Erin Schikowski  March 28, 2012

 

 

Providence, Rhode Island—On March 3, Providence Mayor Angel Taveras stood before hundreds of retired city workers—former teachers, firefighters, police officers and many others—who had gathered for a town hall meeting in a ballroom overlooking the Pawtuxet River. Having warned that the city could face bankruptcy, he said, “I’m here because I want to make sure that we save your pensions.”

 

As his chief of staff explained soon thereafter, retirees could see their pensions cut by 73 percent if the city files for Chapter 9 bankruptcy. To avoid that outcome, Mayor Taveras has asked tax-exempt institutions—hospitals and universities—for an additional $7.1 million in voluntary payments to the city and proposed that retirees pay more for healthcare and accept an estimated twenty-year freeze in cost of living adjustments (COLAs) on their pensions. If nothing changes, said the mayor’s chief of staff, the city “will literally have no money to make payroll, make debt payments [or] pay our vendors” come July.

 

That may sound dire, but the city’s finances were in worse condition this time last year, when Mayor Taveras announced a $110 million structural deficit. Since then, he has reduced the deficit to $22.1 million by, among other things, increasing taxes, closing schools, trimming police and fire department budgets and negotiating new labor contracts with teachers, firefighters, police and others.

 

If the city implements the proposals delivered before retirees at the town hall meeting—suspending COLAs, moving retirees over 65 onto Medicare and putting retirees under 65 onto a healthcare plan that requires a 20 percent co-share—the city will save $28 million, in addition to the $7.1 million being asked of tax-exempts. However, a state judge recently blocked the city’s attempt to move retirees over age 65 onto Medicare, and Taveras says he expects the other changes he proposed to undergo a similar analysis if they are challenged in court.

 

While the mayor admits that asking retirees for concessions is “not fair,” he also recently accused them of “hiding behind decades‐old contracts” and avoiding shared sacrifice.

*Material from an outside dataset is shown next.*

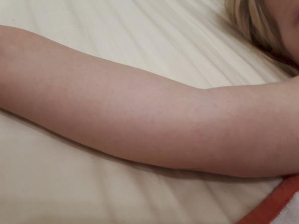 V utorok sa jej zacali po tele vyhadzovat take drobne vyrazky. Myslela som ze je to alergicka reakcia z jedla (vypila stavu z cerstvo nastruhanej salatovej uhorky, dcerka je alergik, ale salat.uhorka jej ako taka nerobi zle). 2.den vypila trosku cistu paradajkovu stavu na obed. Uz po obede som si vsimla ako sa vyrazky rozsiruju smerom na chrbatik, brusko. Do dnes to preslo na ruky, lica, vo vlaskoch, brusko, zahyby okolo cikulky a ide to ku chodidlam.Kozna tvrdi ze to je nejake virusove ochorenie. Nesvrbi ju to.No po kazdom jedle jej velmi scervenaju licka, az tak do fialova,velke cervene flaky. Potom to prejde. Pripajam foto,v skutocnosti je to horsie ako na foto.

The latter, says Paul Doughty, president of the Providence firefighter’s union, sends a dangerous message: “If we don’t have the protection of contracts [that] mean something, really our word as people amongst each other doesn’t exist. It’s the foundation of this government—particularly of a capitalist economy—that our word has to mean something.”

 

Like many other cities, Providence was hit hard by the housing crisis and recession, which slowed the economy and reduced tax revenue. But factors unique to Providence have contributed to the city’s budget shortfall, as well. While property taxes, for example, are a primary source of revenue, about half of the city’s land cannot be taxed because it is owned by tax-exempt institutions, like Brown University, Providence College and Rhode Island Hospital. Additionally, Providence has $828 million in long-term, unfunded pension liabilities due in part to agreements made in the 1980s and ’90s, which included guaranteed 5 and 6 percent COLAs and a reduction in the minimum amount of service required for retirement.